There were 1,115 households, out of which 32.8% had children under the age of 18 living with them, 71.3% were married couples living together, 4.7% had a female householder with no husband present, and 21.3% were non-families. 17.2% of all households were made up of individuals, and 6.5% had someone living alone who was 65 years of age or older. The average household size was 2.71 and the average family size was 3.05.

In the township, the population was spread out, with 21.7% under the age of 18, 9.9% from 18 to 24, 28.9% from 25 to 44, 28.5% from 45 to 64, and 11.0% who were 65 years of age or older. The median age was 39 years. For every 100 females, there were 123.7 males. For every 100 females age 18 and over, there were 130.4 males.

The median income for a household in the township was $64,680, and the median income for a family was $69,261. Males had a median income of $52,500 versus $35,028 for females. The per capita income for the township was $24,048. About 1.9% of families and 5.2% of the population were below the poverty line, including 5.2% of those under age 18 and 7.4% of those aged 65 or over.

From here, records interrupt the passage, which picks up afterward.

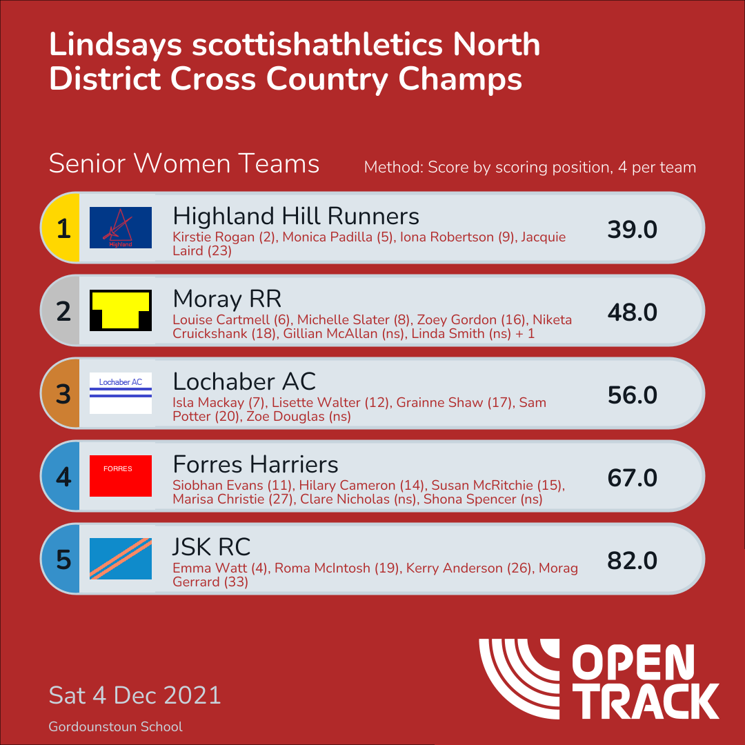 82.0 | 6: Emma Watt (4), 21: Roma McIntosh (19), 28: Kerry Anderson (26), 35: Morag Gerrard (33) |
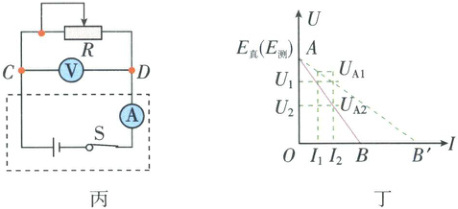 用电路结构来分析。若把图丙中的$R$和电压表看成外电路,则电流表可看成内电路的一部分,故实际测出的是电源和电流表这个等效电源的电动势和内阻$r$,故等效内阻$r$大于电源内阻$r_{真}$,即$r_{测} > r_{真}$;外电路断开时,$C$、$D$两点间的电压$U_{CD}$即等效电动势,因此$U_{CD} = E_{真}$,即$E_{测} = E_{真}$,但由于$R_A$和$r_{真}$相当,致使内阻测量相对误差太大。
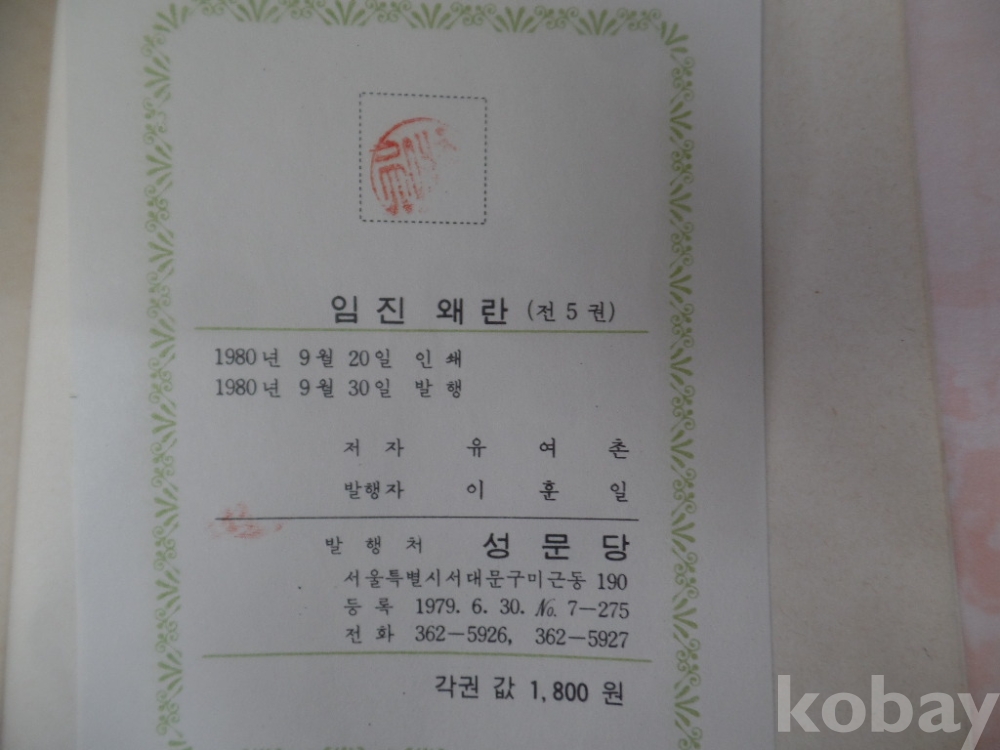 임진왜란,,,,1--5권완결 ,,하드카바,,,유여촌 지음,,,성문당 발행,,,,80년

The 2000 Census was erroneously found to have included population in the nearby city of Mason within the boundaries of the township. Mason launched a successful census challenge putting the revised population of the township at 3,048 for the 2000 Census.

==Education==
Most of the township is in Mason Public Schools. Parts of the township are in Okemos Public Schools and Williamston Community Schools.

Parts of Michigan State University extend into this township. The land includes the Poultry Teaching and Research Center as well as the Tree Research Center In 2024 the MSU board of trustees agreed to buy 92 acre of land in the township so the university's Dairy Cattle Teaching and Research Facility can use it.